Initial Findings, Oddities, and Thoughts

  • UBI is taking an extremely long time (~50s) to attach to the MTD device on the XO I am currently using for this testing. UBI attach time does scale linearly w.r.t flash size, however the 50s seems wrong. According to this, we should only take about 2 seconds. At attach time I see a warning "UBI warning: ubi_eba_init_scan: cannot reserve enough PEBs for bad PEB handling, reserved 74, need 79" b/c my system partition has 5 bad PEBs in it and this may be related. Update: This ended up being related to having debug messages enabled for UBI which would spew data to syslog on every access. Disabling this reduced mount time to < 2s.

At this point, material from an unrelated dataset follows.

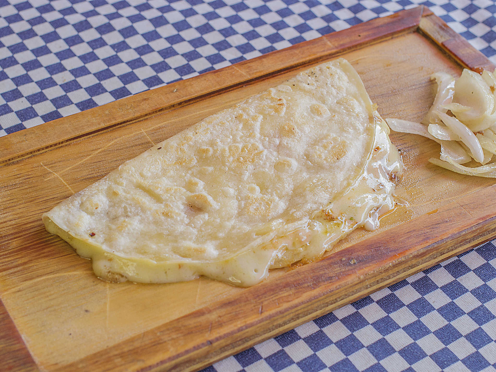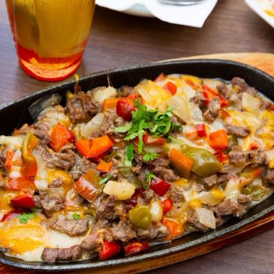 Bistec, chorizo, morron y queso + frijoles, cebolla, cilantro, cebolla asada, chie asado, tostadas y tortillas

  • I made a mistake in my calculations above by rounding 329.3125 down when I should be rounding it up as this is the overhead. This did not seem to impact UBIs ability to attach to the device our mount the filesystem.

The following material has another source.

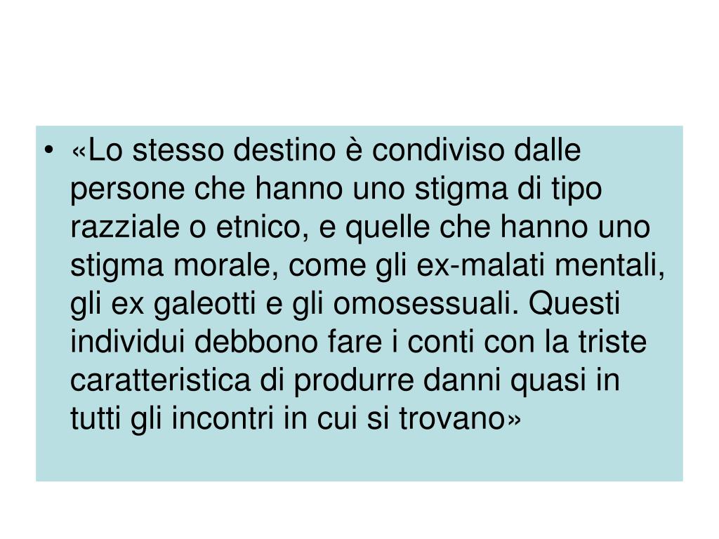 «Lo stesso destino è condiviso dalle persone che hanno uno stigma di tipo razziale o etnico, e quelle che hanno uno stigma morale, come gli ex-malati mentali, gli ex galeotti e gli omosessuali. Questi individui debbono fare i conti con la triste caratteristica di produrre danni quasi in tutti gli incontri in cui si trovano»

  • I was concerned about the status of bind mounts on top of UBIFS but everything seems to be working OK.
  • By default, we're reserving 1%, or about 9MiB of the device for handling bad blocks. As discussed in this email, it would be interesting to know what are usage patterns are and simulate the expected lifecycle of the device to see if this is too little or too much.
  • If we can enable sub-page writes on our flash device, we can recover some extra space from UBI.

Image Download and Installation

  • Make sure your XO is running the latest OFW. The best way to do this is to update it to 8.2.0.
  • Download the following files to a USB stick:
 http://dev.laptop.org/~dsaxena/ubi_test/data.img
 http://dev.laptop.org/~dsaxena/ubi_test/nand.img
  • Boot the laptop with USB stick and escape into the OFW prompt.
  • Run:
ok dev nand   : write-blocks write-pages ;  dend
write-blocks isn't unique # You can ignore this
ok update-nand u:\data.img
  • At this point OFW will erase the flash and copy the contents of the nand.img file to flash. When complete you can simply reboot the system.